Kikuchi Yoshikazu, Kenjo Masamutsu, Yoshida Eriko, Takahashi Saburo, Murakami Daisuke, Yamaguchi Yumi, Adachi Kazuo, Sawatsubashi Motohiro, Taura Masahiko, Nakagawa Takashi, Umezaki Toshiro
Department of Otorhinolaryngology, Graduate School of Medical Sciences, Kyushu University, Fukuoka, Japan.
Department of Special Needs Education, University of Teacher Education Fukuoka, Fukuoka, Japan.
Pediatr Int. 2023 Jan-Dec;65(1):e15622. doi: 10.1111/ped.15622.
Stuttering is a childhood-onset fluency disorder. Part of the counseling for middle and high school students with persistent stuttering is related to school refusal. Anxiety disorders are known to contribute to school refusal. However, it is not known whether social anxiety disorder (SAD) is a factor in school refusal among adolescents who stutter.
In our first study, we examined the relationship between school refusal and SAD in 84 middle and high school students who stutter; 26% of the 84 students were in the school refusal group and the remaining 74% were in the school attendance group. The second study examined whether SAD was associated with 10 factors related to speech and stuttering frequency using the Japanese version of the Liebowitz Social Anxiety Scale for Children and Adolescents to determine the presence of SAD. Of the 84 students in the first study, 40 participated in the second study.
The school refusal group of adolescents who stutter had significantly higher rates of SAD than the school attendance group. Fifty percent of adolescents who stutter met the criteria for SAD. Moreover, adolescents who stutter with SAD had significantly higher scores on the items "When speaking in public, do you experience tremors in your limbs?" and "After you stutter, do you have negative thoughts about yourself?" than the adolescents who stutter without SAD.
When examining adolescents who stutter, checking for comorbid SAD may lead to better support. Moreover, noticing their repetitive negative thinking, nervousness, and trembling during speech may help to resolve SAD.
口吃是一种起病于儿童期的流畅性障碍。对患有持续性口吃的中学生和高中生进行的部分咨询与学校拒学有关。已知焦虑症会导致学校拒学。然而,社交焦虑障碍(SAD)是否是口吃青少年学校拒学的一个因素尚不清楚。

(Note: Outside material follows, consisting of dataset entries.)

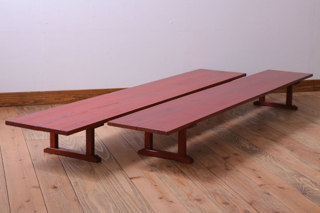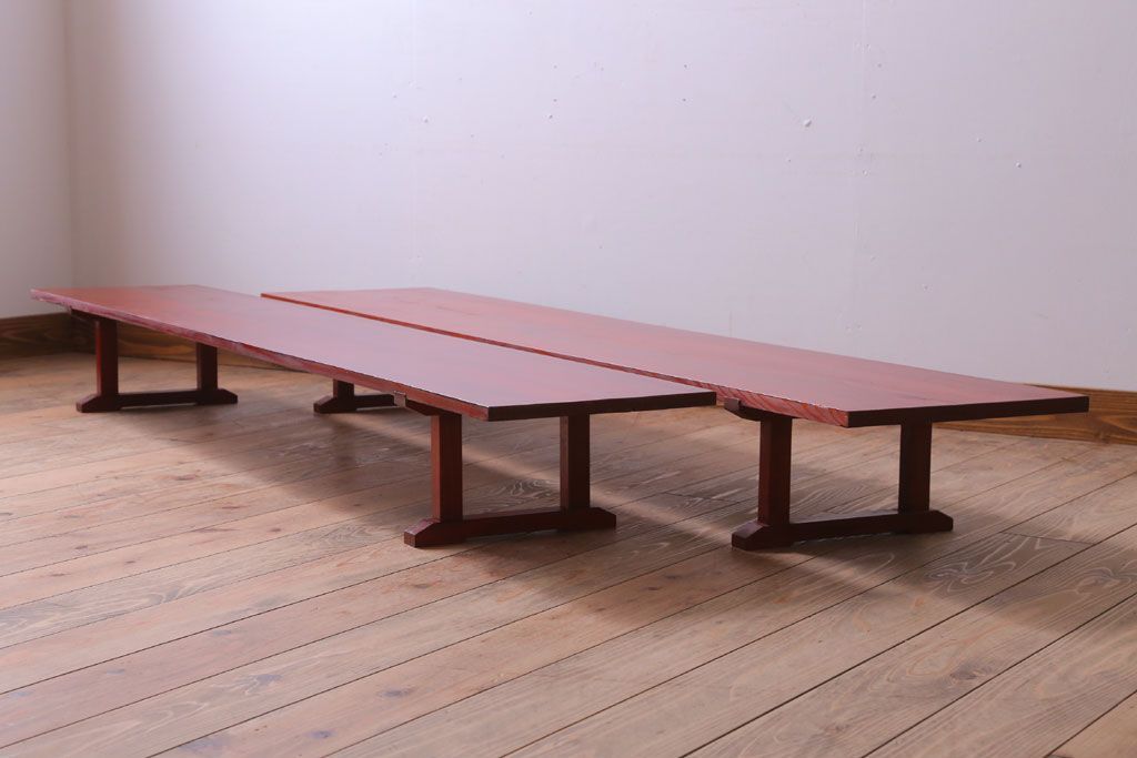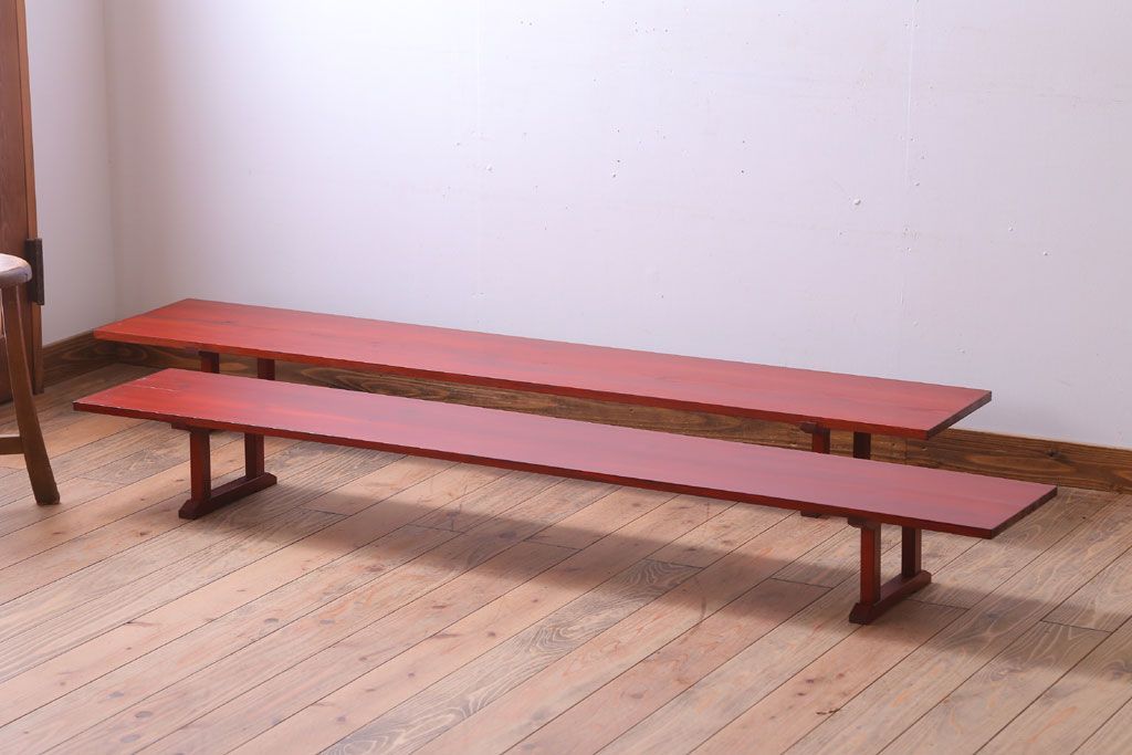 アンティーク家具 和製アンティーク 古い木の朱色裁ち板2台セット(1)
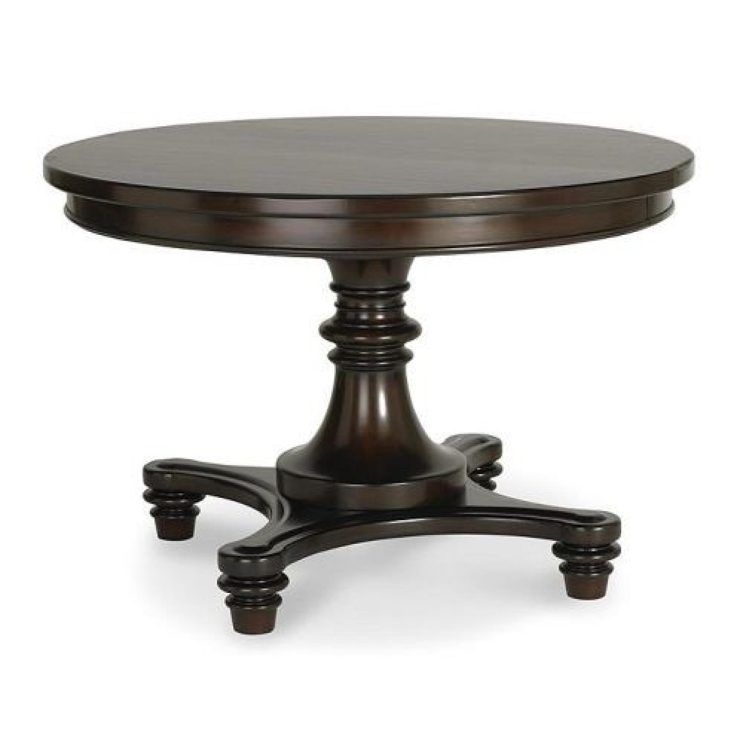 Seller's Notes:Round Pottery Barn dining table in dark brown. Includes 20 inch extension and protective case for extension. Top of table and edges in excellent condition. Base was damaged by puppy (see photos).
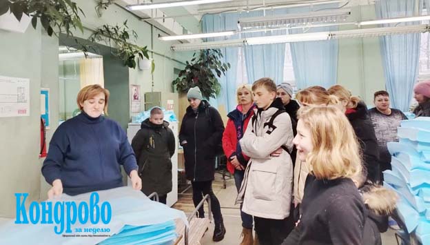 Ребятам рассказали о том, что фабрика осуществляет пошив одноразовой медицинской одежды и белья, изготавливаемого из современных нетканых материалов. Немного узнали об истории предприятия.
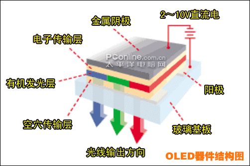 很多网友容易把OLED和目前厂商炒作比较多的LED背光联系在一起,事实上OLED和LED背光是完全不同的显示技术。LED背光属于LCD范畴,都是液晶技术,原理基本相同。LCD技术可以简单的理解为,外界施加电压使液晶如闸门般地阻隔背光或让背光穿透,进而将光线投射在不同颜色的彩色滤光片中形成图像。所以LED背光属于液晶技术,只是背光源不同,LED背光使用发光二极管作为背光,传统的LCD采用CCFL冷光灯管作为背光。而OLED是通过电流驱动有机薄膜本身来发光的,发的光可为红、绿、蓝、白等单色,同样也可以达到全彩的效果。所以说OLED是一种不同于CRT和液晶技术的全新发光原理。下文中笔者将给大家详细介绍OLED的发展历程及技术特点。
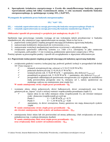 4. Sporządzenie świadectwa energetycznego w Excelu dla zmodyfikowanego budynku, poprzez wprowadzenie jednej lub kilku wymienionych zmian, w celu uzyskania standardu budynku energooszczędnego, tj. spełniającego wymóg: EPE ≤ 0,65*EPS Wymaganie do spełnienia przez budynek energooszczędny: EPE ≤ 0,65 * EPS EPE – wskaźnik zapotrzebowania na energię pierwotną dla budynku energooszczędnego (Punkt 4) EPS – wskaźnik zapotrzebowania na energię pierwotną dla budynku standardowego (Punkt 3) Obliczenia i sposób ich prezentacji w projekcie jest analogiczny do pkt 3 !!! Spełnienie tego powyŜszego warunku wymaga od nas wykonania takich przedsięwzięć w budynku standardowym, aby zmniejszyć jego zapotrzebowanie na energię. MoŜe to być m.in. : 1. poprawienie izolacyjności cieplnej przegród otaczających kubaturę ogrzewaną budynku, 2. zastosowanie kolektorów słonecznych do wytworzenia c.w.u., 3. zastosowanie wentylacji mechanicznej nawiewno-wywiewnej z odzyskiem ciepła, 4. zwiększenie sprawności całkowitej systemu c.o. i/lub c.w.u. (stosujemy to jako ostateczne rozwiązanie, jeśli punkty 1-3 nie wystarczą, podniesienie sprawności conajwyŜej o 10%). PoniŜej opisane są poszczególne punkty i sposób ich uwzględnienia w algorytmie obliczeniowym 4.1. Poprawienie izolacyjności cieplnej przegród otaczających kubaturę ogrzewaną budynku • zwiększeniu grubości warstwy izolacyjnej (np. podwoić grubość izolacji w przegrodach lub dodać 10÷15cm więcej) w: ścianach zewnętrznych (np. celować w U=0,15÷0,20 W/m2K) połaciach dachowych (np. U=0,10÷0,15 W/m2K) ścianach piwnic (ok. U=0,20 W/m2K –> pamiętamy, aby doliczyć Uequiv,bw) posadzkach na gruncie (ok. U=0,20 W/m2K –> pamiętamy, aby doliczyć Uequiv,bf) przegrodach oddzielających przestrzenie nieogrzewane (ze względu na stosunkowo małą powierzchnię przegrody oraz btr mniejszy od 1, naleŜy spodziewać się nieduŜego wpływu na zmniejszenie strat ciepła Qtr) W sumie zmniejszamy straty ciepła przez przenikanie - Qtr • wymianie okien, okien połaciowych, drzwi balkonowych, drzwi zewnętrznych oraz bram garaŜowych na „lepsze” (czyli o niŜszej wartości współczynnika przenikania ciepła U): lepsze okna to nie tylko mniejsze straty (współczynnik U), ale równieŜ mniejsze zyski słoneczne (współczynnik g) czyli np: Punkt 3 U = 1,80 W/m2K; g = 0,75 Punkt 4 U = 1,10 W/m2K; g = 0,60 pamiętamy, Ŝe drzwi zewnętrzne, bramy garaŜowe nie mają słonecznych zysków ciepła W sumie zmniejszamy straty ciepła przez przenikanie – Qtr ale równieŜ zmniejszamy ilość zysków od nasłonecznienia – Qsol • zmniejszeniu ilości okien lub ich powierzchni od strony północnej, i/lub zwiększeniu od strony południowej (np. w pokoju dziennym, kuchni) W sumie zmniejszamy ilość strat ciepła przez przenikanie - Qtr oraz zwiększamy ilość zysków od nasłonecznienia – Qsol © Łukasz Nowak, Instytut Budownictwa, Politechnika Wrocławska, e-mail:[email protected] 1 • obróceniu budynku względem stron świata (aby od południa było więcej okien, a od północy mniej) W sumie zwiększamy ilość zysków od nasłonecznienia - Qsol Przykład do pkt 1 Budynek standardowy (przegrody zaprojektowane na aktualne wymagania U wg WT): QH,nd= 12286 kWh/rok EK= 127,80 kWh/m2rok EP= 148,70 kWh/m2rok Wariant 1 – docieplenie wszystkich przegród (+15cm izolacji): QH,nd= 10060 kWh/rok EK= 110,53 kWh/m2rok EP= 129,71 kWh/m2rok obniŜenie EP o 12,8% Wariant 2 – wymiana okien (U=1,8 i g=0,75 → U=1,1 i g=0,60): QH,nd= 11886 kWh/rok EK= 124,70 kWh/m2rok EP= 145,29 kWh/m2rok obniŜenie EP o 2,3% 4.2. Zastosowanie kolektorów słonecznych do wytworzenia ciepłej wody uŜytkowej W polskich warunkach nasłonecznienia, kolektory słoneczne moŜna zastosować głównie do wytworzenia ciepłej wody (około 65 ÷ 80% rocznego zapotrzebowania). Zastosowanie ich do ogrzewania, jest mało opłacalne, gdyŜ w okresie zimowym, mamy zbyt mało dostępnej energii słonecznej. Stosując kolektor słoneczny zmniejszamy zapotrzebowanie na energię pierwotną na potrzeby c.w.u. QP,W 1. Zakładamy stopień wytwarzania c.w.u. z poszczególnych źródeł ciepła np.: • 70% ciepłej wody w ciągu roku wytwarza kolektor słoneczny • 30% ciepłej wody wytwarza kocioł (np. gazowy, dwufunkcyjny do CO + CWU) - kocioł pracuje, w czasie dni pochmurnych, kiedy kolektor słoneczny ma niską wydajność 2. Obliczamy roczne zapotrzebowanie energii pierwotnej na potrzeby c.w.u. QP,W (punkt 4.4) QP,W = udział kolektora * wkolektora * QK,W + udział kotła * wkotłą * QK,W + wel * Eel,pom,W czyli w naszym przypadku: QP,W = 0,7 * 0,0 * QK,W + 0,3 * 1,1 * QK,W + 3,0 * Eel,pom,W Przekreślone się wyzerowuje i pozostaje nam tylko część od kotła – ilość energii potrzebnej do ogrzania ciepłej wody nie zmienia się (czyli QK,W), natomiast oddziaływanie budynku na środowisko zmniejsza się (czyli QP,W). Przykład do pkt 2 Budynek standardowy: QH,nd= 12286 kWh/rok EK= 127,80 kWh/m2rok EP= 148,70 kWh/m2rok © Łukasz Nowak, Instytut Budownictwa, Politechnika Wrocławska, e-mail:[email protected] 2 Wariant 3 – kolektor słoneczny do c.w.u. - udział 70%: QH,nd= 12286 kWh/rok EK= 127,80 kWh/m2rok EP= 126,95 kWh/m2rok obniŜenie EP o 14,6% 4.3. Zastosowanie wentylacji mechanicznej nawiewno-wywiewnej z odzyskiem ciepła W pkt 3 mieliśmy przypadek z wentylacją naturalną, tutaj zastosujemy wentylację mechaniczną nawiewno-wywiewną z odzyskiem ciepła. Idea działania takiego systemu jest taka, Ŝe ciepło ze zuŜytego, wcześniej ogrzanego powietrza jest odzyskiwane w np. wymienniku krzyŜowym, a następnie tym ciepłem jest ogrzewane świeŜe, zimne powietrze dostarczane do budynku. W ten sposób część ciepła moŜna wykorzystać ponownie i zmniejszyć straty ciepła przez wentylację Qve. Sam system wentylacji mechaniczną nawiewno-wywiewną jako taki nie zmniejsza zapotrzebowania na ciepło, a jedynie poprawia sprawn

在我们的第一项研究中,我们调查了84名口吃的中学生和高中生中学校拒学与社交焦虑障碍之间的关系;84名学生中有26%属于学校拒学组,其余74%属于正常上学组。第二项研究使用日本版的儿童和青少年莱博维茨社交焦虑量表,调查社交焦虑障碍是否与10个与言语和口吃频率相关的因素有关,以确定是否存在社交焦虑障碍。第一项研究中的84名学生中有40名参与了第二项研究。
口吃青少年的学校拒学组中社交焦虑障碍的发生率明显高于正常上学组。50%的口吃青少年符合社交焦虑障碍的标准。此外,患有社交焦虑障碍的口吃青少年在“当众讲话时,你是否感到四肢颤抖?”和“口吃后,你是否对自己有负面想法?”这两个项目上的得分明显高于没有社交焦虑障碍的口吃青少年。
在检查口吃青少年时,检查是否合并社交焦虑障碍可能会带来更好的支持。此外,注意到他们在说话时反复出现的消极思维、紧张和颤抖可能有助于解决社交焦虑障碍。